Conçu comme un scénario réaliste et exigeant, mené à la fois sur camps militaires et en terrain libre au contact de la population, ORION vise à tester la planification stratégique, la montée en puissance, l’interopérabilité, la logistique et la conduite d’opérations multi-milieux et multi-champs sur la durée. L’exercice a aussi servi de laboratoire grandeur nature pour identifier les faiblesses, expérimenter de nouvelles doctrines et préparer les forces françaises à des engagements majeurs, prolongés et coordonnés au sein de coalitions internationales.
Qu’attendre d’ORION 26 ?
Actifs et réservistes, une seule force
Comme en 2023, une des spécificités de l’exercice tient dans l’intégration pleine et entière de la réserve opérationnelle.
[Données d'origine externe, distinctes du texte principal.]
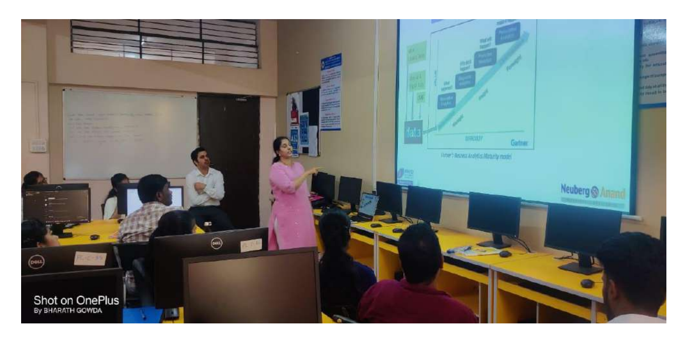
2. Introduction to PowerBI

Aux côtés des militaires d’active, les réservistes ne jouent pas un rôle secondaire puisqu’ils renforcent directement les unités, apportant des compétences issues de leurs parcours civils, des expertises techniques, numériques, logistiques ou médicales.
ORION 26 illustre ainsi une armée profondément ancrée dans la société, capable de monter en puissance rapidement en s’appuyant sur un réservoir humain immédiatement mobilisable.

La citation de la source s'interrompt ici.